Het hoge btw tarief voor elektronische boeken, kranten e.d. blijft lidstaten tegen de borst stuiten. A-G Kokott vindt dat de Europese wetgever nog wel even mag talmen met aanpassing van de btw-richtlijn. Dit concludeerde de A-G in reactie op de vraag van het Pools grondwettelijk hof er geen strijd was met het beginsel van gelijke behandeling.

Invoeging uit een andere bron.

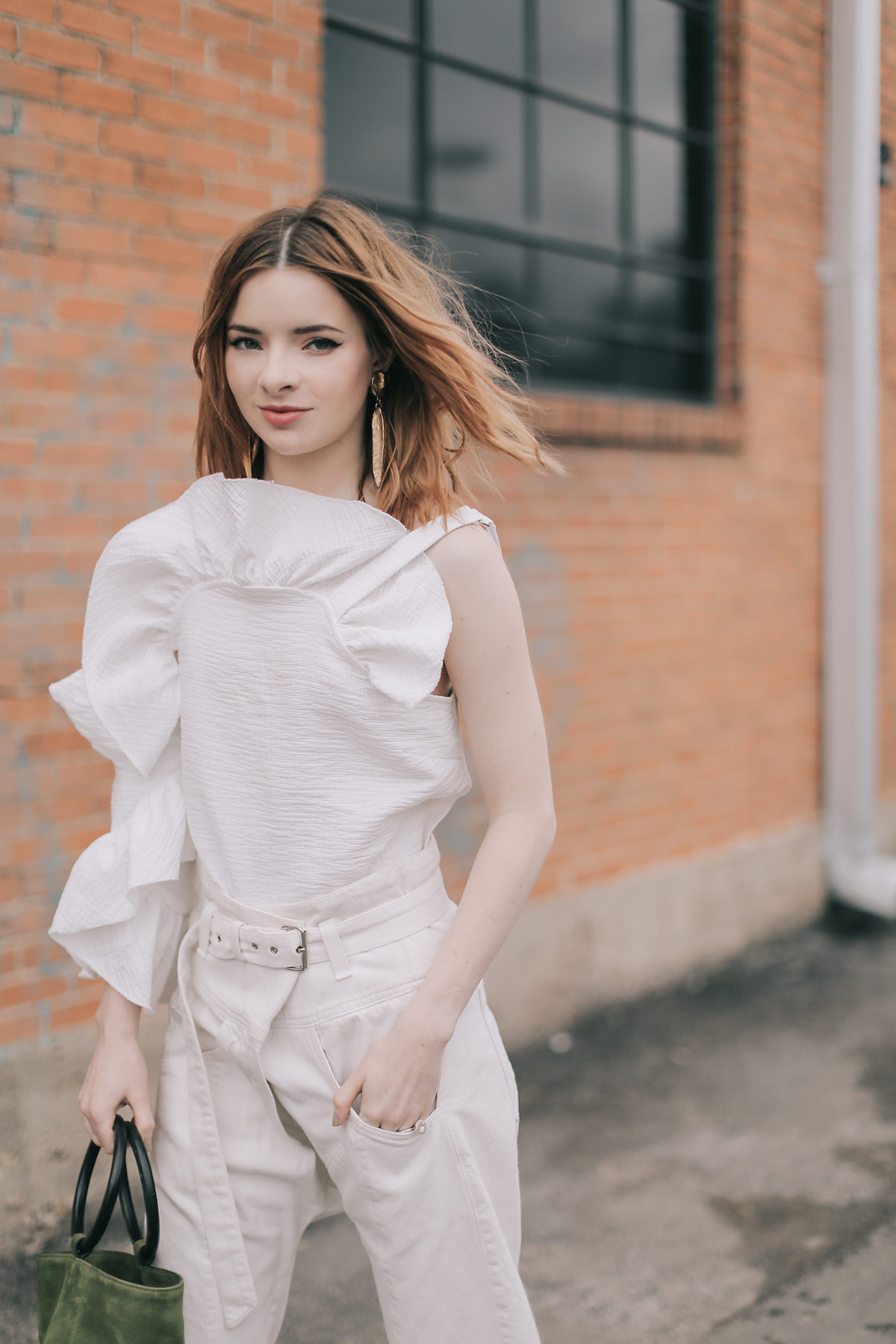Wearing Rachel Comey one shoulder cloque top, Rachel Comey wrap waist pants, Simon Miller bag, and Acne Studios patent stitched clogs.

De keuze voor het wel of niet mogen toepassen van een verlaagd tarief ligt uitdrukkelijk bij de Europese wetgever, constateerde Kokott. Die bepaalt immers in de richtlijn uitdrukkelijk voor welke producten een verlaagd tarief mag worden toegepast. Aan de hand van het doel van de regeling moest daarom eerst worden bepaald of fysieke en elektronische boeken vergelijkbaar zijn. Aangezien het doel van het verlaagde tarief educatief is, is dat het geval. Vervolgens ging Kokott na of het verschil in behandeling desondanks gerechtvaardigd is. Ook dat is het geval vond Kokott. Het verbod op verlaagde tarieven voor elektronische diensten had tot en met 31 december 2014 enerzijds tot doel de fiscale verplichtingen van buiten de Unie gevestigde belastingplichtigen te vereenvoudigen en moest anderzijds schadelijke belastingconcurrentie tussen de lidstaten voorkomen; sinds 1 januari 2015 beoogt het verbod alleen nog de vereenvoudiging van de fiscale verplichtingen, maar dan voor de hele markt van elektronische diensten. Was dat dan geen duur betaalde eenvoud? Nee, constateerde Kokott. Onder meer omdat de Europese Unie aanpassing nog steeds onderzoekt, kon ook dat door de beugel. Bovendien zijn elektronische boeken goedkoper te produceren en distribueren, zodat zij makkelijk het btw verschil kunnen compenseren in de consumentenprijs.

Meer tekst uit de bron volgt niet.